Could you copy exactly the lines below, beginning at the line with "Linux Mint 20.2" and stopping after the line with "Ingredients: Grade A", with no pictures?
** SUPPLIED ENTRIES follows **
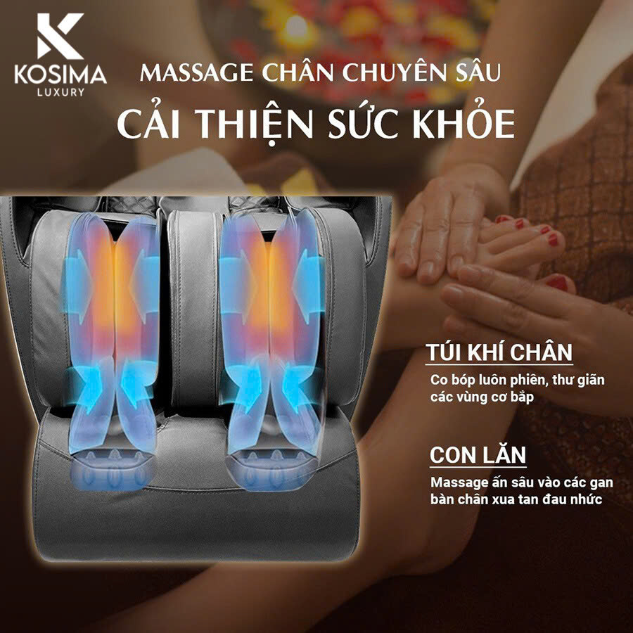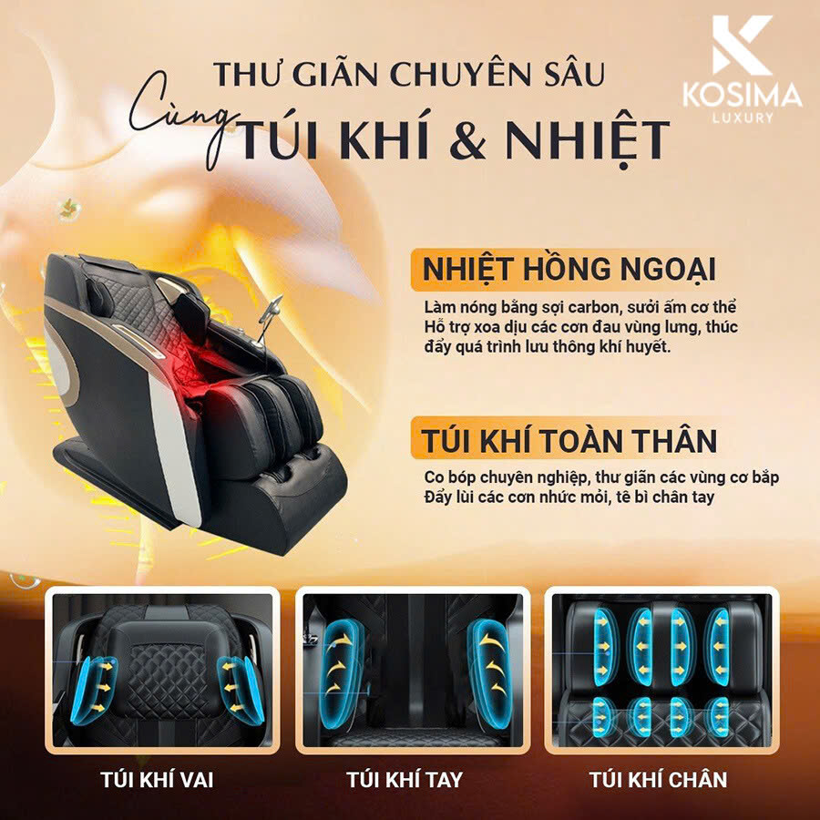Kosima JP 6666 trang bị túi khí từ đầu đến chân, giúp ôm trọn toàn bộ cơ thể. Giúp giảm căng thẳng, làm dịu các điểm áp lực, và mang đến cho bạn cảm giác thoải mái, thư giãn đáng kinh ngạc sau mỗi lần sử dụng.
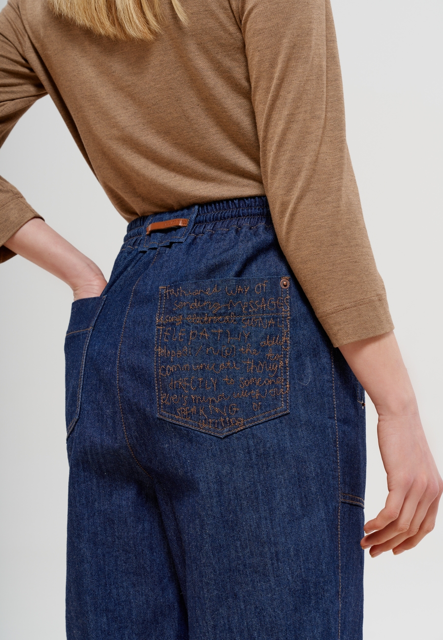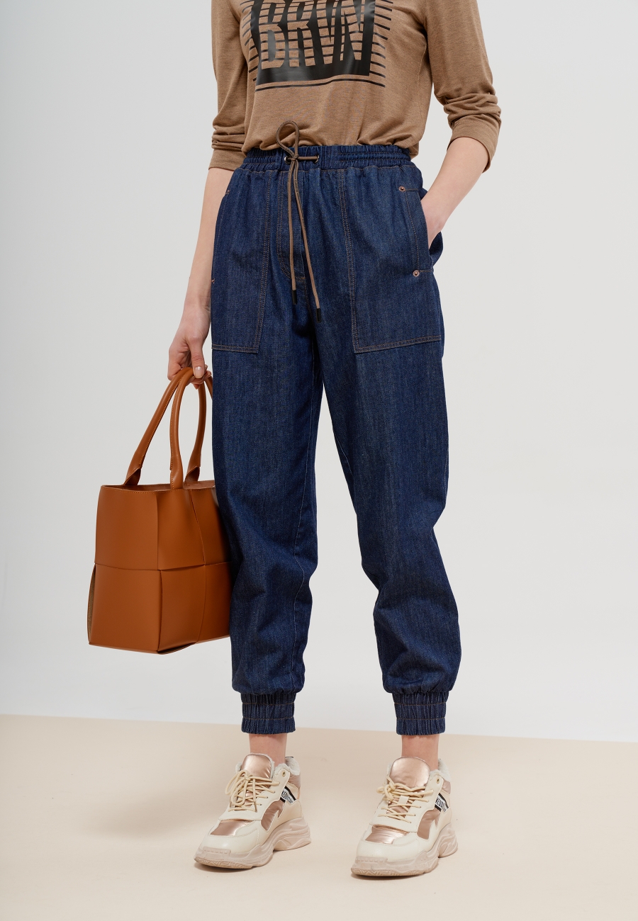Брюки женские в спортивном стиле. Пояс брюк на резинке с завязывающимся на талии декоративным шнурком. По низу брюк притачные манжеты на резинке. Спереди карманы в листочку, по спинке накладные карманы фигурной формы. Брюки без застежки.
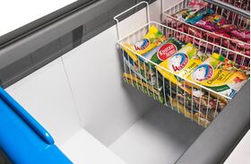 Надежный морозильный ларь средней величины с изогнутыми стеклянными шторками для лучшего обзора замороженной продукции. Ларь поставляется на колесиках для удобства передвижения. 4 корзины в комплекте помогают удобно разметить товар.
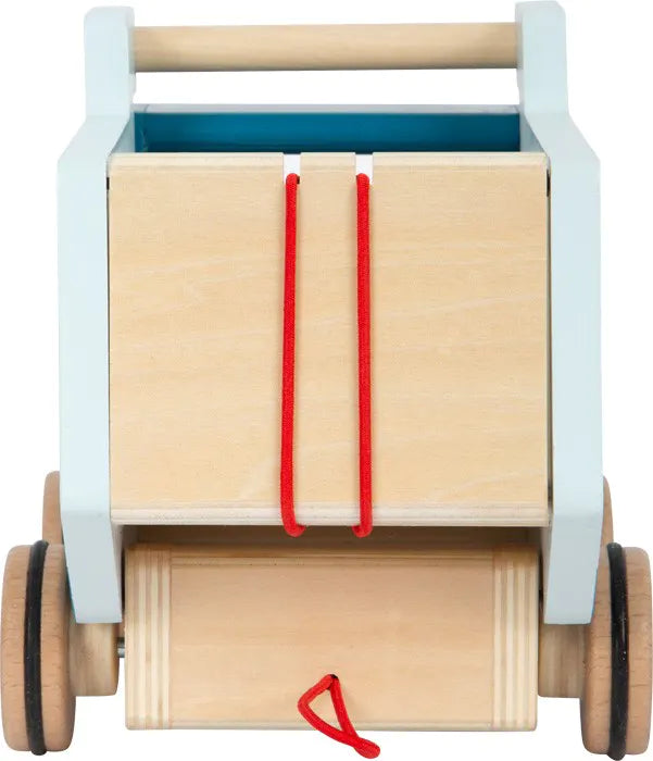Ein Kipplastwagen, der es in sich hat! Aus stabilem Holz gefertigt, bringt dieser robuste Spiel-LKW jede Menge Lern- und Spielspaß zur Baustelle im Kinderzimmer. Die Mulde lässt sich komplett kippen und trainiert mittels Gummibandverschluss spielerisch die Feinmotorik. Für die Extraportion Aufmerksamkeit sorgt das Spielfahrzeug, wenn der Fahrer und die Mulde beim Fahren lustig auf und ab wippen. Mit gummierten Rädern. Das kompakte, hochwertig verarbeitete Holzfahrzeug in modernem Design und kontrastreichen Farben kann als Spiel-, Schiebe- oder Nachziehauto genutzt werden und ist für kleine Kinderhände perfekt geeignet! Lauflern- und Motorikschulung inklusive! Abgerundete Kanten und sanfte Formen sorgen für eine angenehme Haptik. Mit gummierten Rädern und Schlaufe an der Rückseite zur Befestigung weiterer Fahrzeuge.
** End of SUPPLIED ENTRIES **
** SUPPLIED ENTRIES follows **
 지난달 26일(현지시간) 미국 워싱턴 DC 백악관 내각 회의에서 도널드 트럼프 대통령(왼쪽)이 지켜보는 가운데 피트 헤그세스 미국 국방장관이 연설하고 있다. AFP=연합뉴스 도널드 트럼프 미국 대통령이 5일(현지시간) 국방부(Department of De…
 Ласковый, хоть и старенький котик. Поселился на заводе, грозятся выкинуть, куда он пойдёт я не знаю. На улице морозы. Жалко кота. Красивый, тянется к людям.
** End of SUPPLIED ENTRIES **
** SUPPLIED ENTRIES follows **
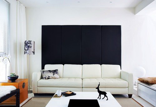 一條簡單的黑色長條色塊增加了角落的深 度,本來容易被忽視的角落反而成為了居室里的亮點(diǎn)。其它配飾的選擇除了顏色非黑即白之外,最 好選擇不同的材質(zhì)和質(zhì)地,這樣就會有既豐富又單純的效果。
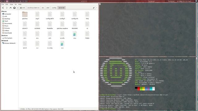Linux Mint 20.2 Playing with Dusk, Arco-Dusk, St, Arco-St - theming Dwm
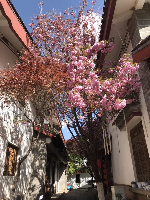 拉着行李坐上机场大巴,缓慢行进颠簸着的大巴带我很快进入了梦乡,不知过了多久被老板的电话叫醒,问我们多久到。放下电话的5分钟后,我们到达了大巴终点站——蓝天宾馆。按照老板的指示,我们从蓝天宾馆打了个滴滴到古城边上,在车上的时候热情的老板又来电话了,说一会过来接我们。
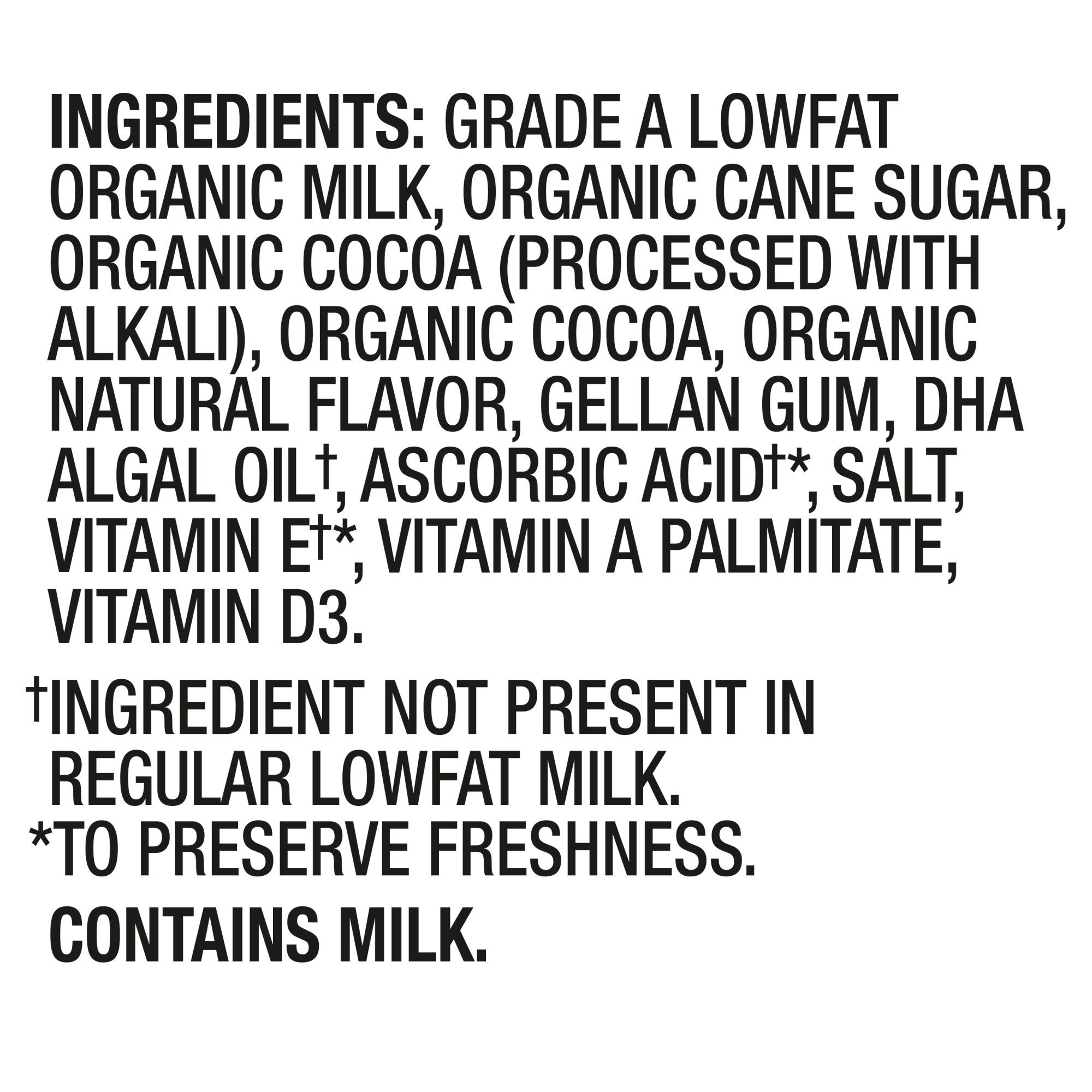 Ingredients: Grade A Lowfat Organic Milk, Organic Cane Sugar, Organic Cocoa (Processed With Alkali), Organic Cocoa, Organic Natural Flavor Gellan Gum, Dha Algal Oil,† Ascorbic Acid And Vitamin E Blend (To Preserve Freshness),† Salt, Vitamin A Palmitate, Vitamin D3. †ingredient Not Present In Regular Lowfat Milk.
** End of SUPPLIED ENTRIES **
■ FINAL ANSWER:
Linux Mint 20.2 Playing with Dusk, Arco-Dusk, St, Arco-St - theming Dwm
 拉着行李坐上机场大巴,缓慢行进颠簸着的大巴带我很快进入了梦乡,不知过了多久被老板的电话叫醒,问我们多久到。放下电话的5分钟后,我们到达了大巴终点站——蓝天宾馆。按照老板的指示,我们从蓝天宾馆打了个滴滴到古城边上,在车上的时候热情的老板又来电话了,说一会过来接我们。
 Ingredients: Grade A Lowfat Organic Milk, Organic Cane Sugar, Organic Cocoa (Processed With Alkali), Organic Cocoa, Organic Natural Flavor Gellan Gum, Dha Algal Oil,† Ascorbic Acid And Vitamin E Blend (To Preserve Freshness),† Salt, Vitamin A Palmitate, Vitamin D3. †ingredient Not Present In Regular Lowfat Milk.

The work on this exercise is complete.